Naples:life,death &
                Miracle contact: Jeff Matthews

entry Oct. 2003    

aints Marcellino & Festo Monastery

Fortunately, Naples goes on periodic binges of restoration: a Roman market here, an Angevin castle there; you can do a lot with 2,500 years of history. One of the delights, then, of walking around at random is finding such a place. I stepped through the large portal of a building I had never visited before and got one of those Wizard of Oz moments (when Dorothy, in the MGM film, opens the door of her house, which has just bounced down in Oz, and the film suddenly goes from black and white to color). I didn't start to sing, but I think I might have gasped briefly. I was in the newly restored courtyard of the old monastery of Saints Marcellino and Festo. It was tidy and colorful, newly painted, with a hypnotic series of arches running around the perimeter of the courtyard. Also —at least when I was there— there were some very short gardeners tending the ample vegetation. That added to the Munchkin effect.

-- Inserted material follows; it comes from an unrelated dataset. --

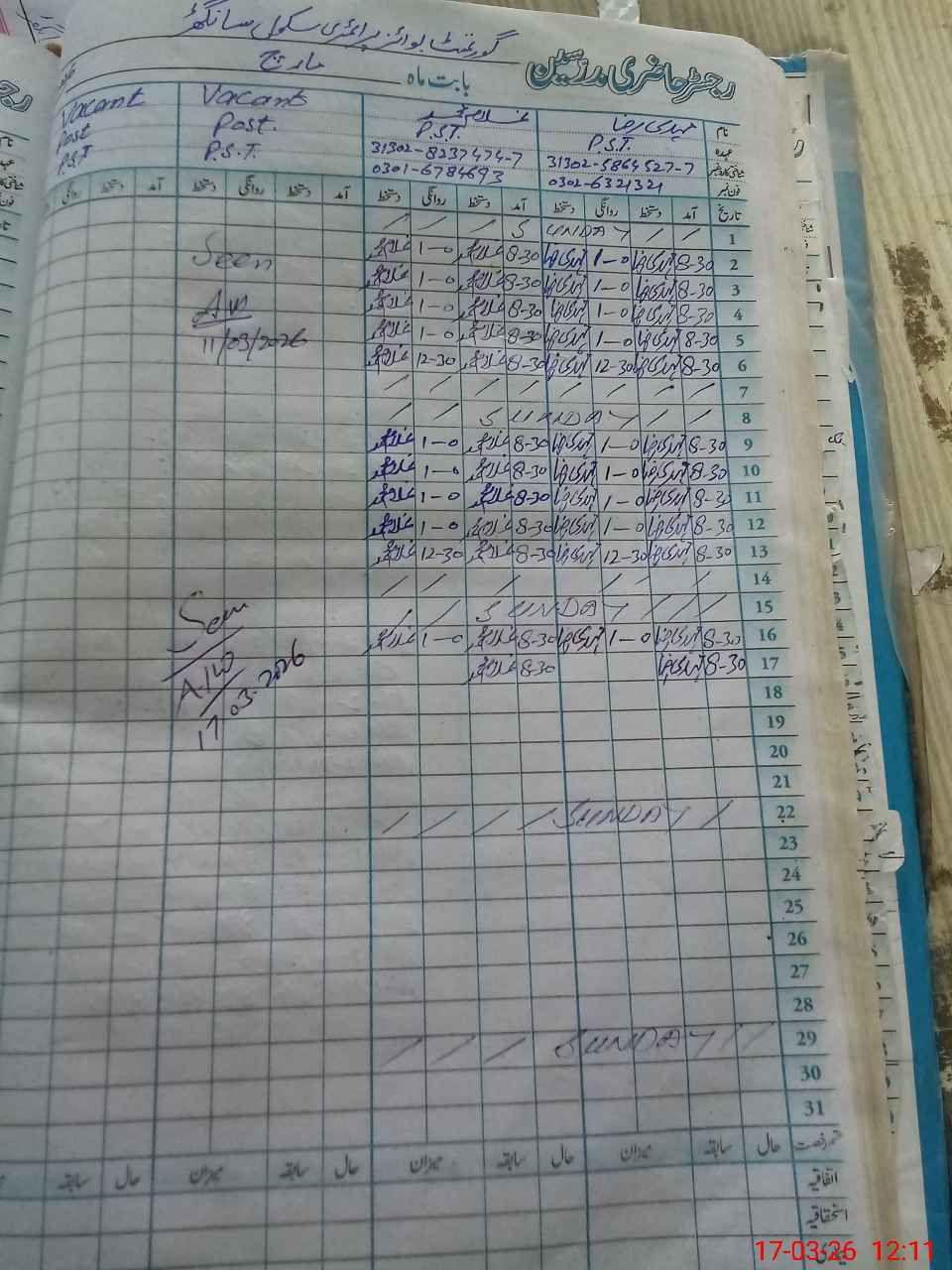| Name: ME**** RA**** Designation: (School Headmaster's/Headmistress's) PST Phone/Cell Number: 03**** |
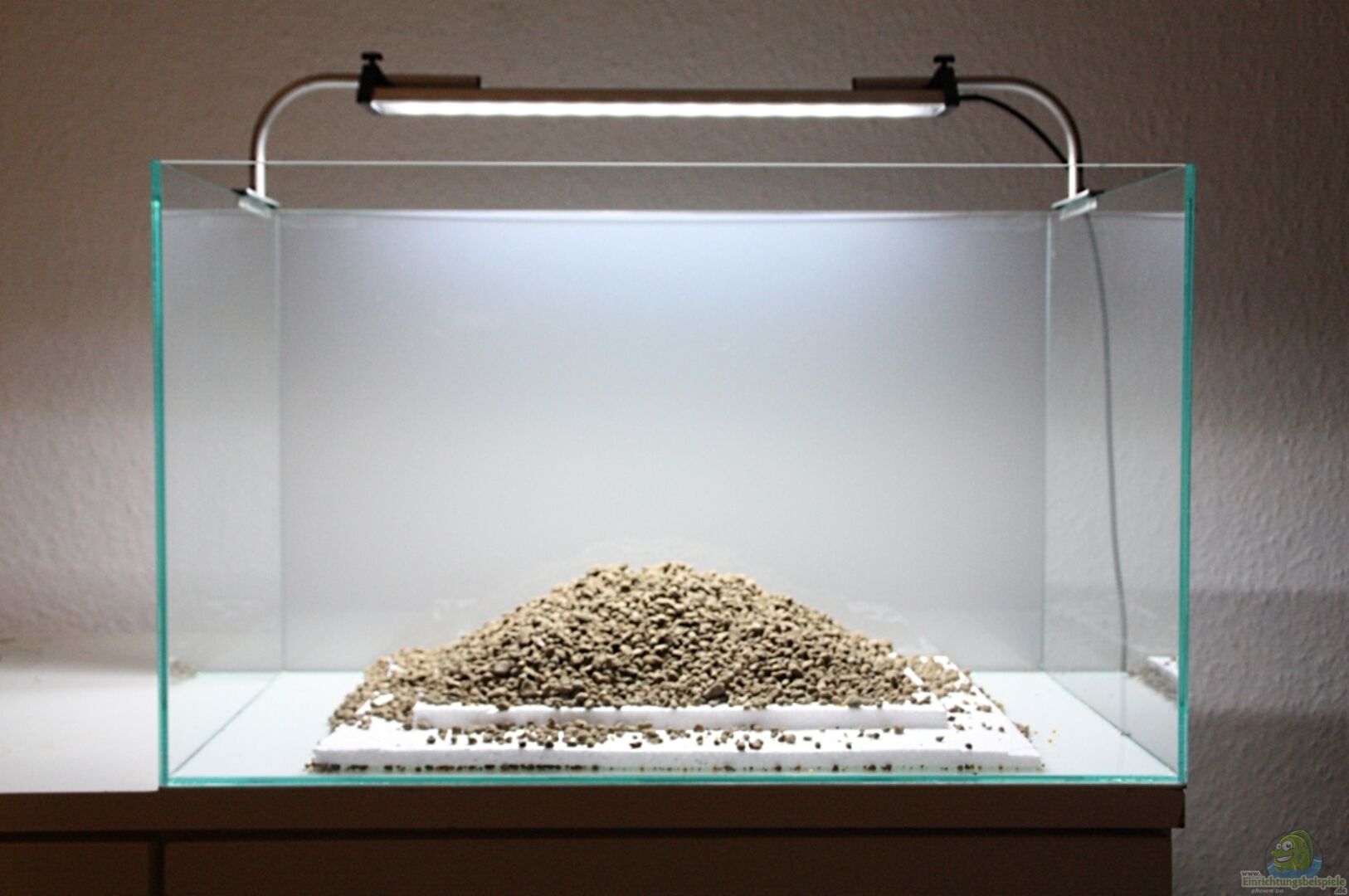 -ein sehr schönes, transparent verklebtes Poolaquarium (ohne Streben). Die Nähte sind nur hauchdünn verklebt. -Als Hintergrundfolie eine Milchglaslampenschirmfolie aus dem Bastelgeschäft. -Auf Empfehlung von Herrn Just hab ich statt Styropor nun eine wei??e Moosgummiplatte unter dem Becken. Hier gibt es eine detaillierte Fotostrecke zum Aufbau:

This monastery was the result of the fusion in 1565 of two older, smaller religious facilities housing, respectively, a Basilian order and a Benedictine one, both of which go back to the very hazy times of the independent Duchy of Naples in the 8th century. It is yet another example of the many monasteries in Naples that have been converted to other use; it has been affiliated with the University of Naples since 1907 and currently houses part of the Paleontology Department. Recently, funds from the European Foundation for Regional Development have helped to restore the courtyard to the state shown in the photo. It is not particularly easy to find, but it's worth the effort. It is accessible from via Mezzocannone by walking east behind the main university building down a small street named via Orilia.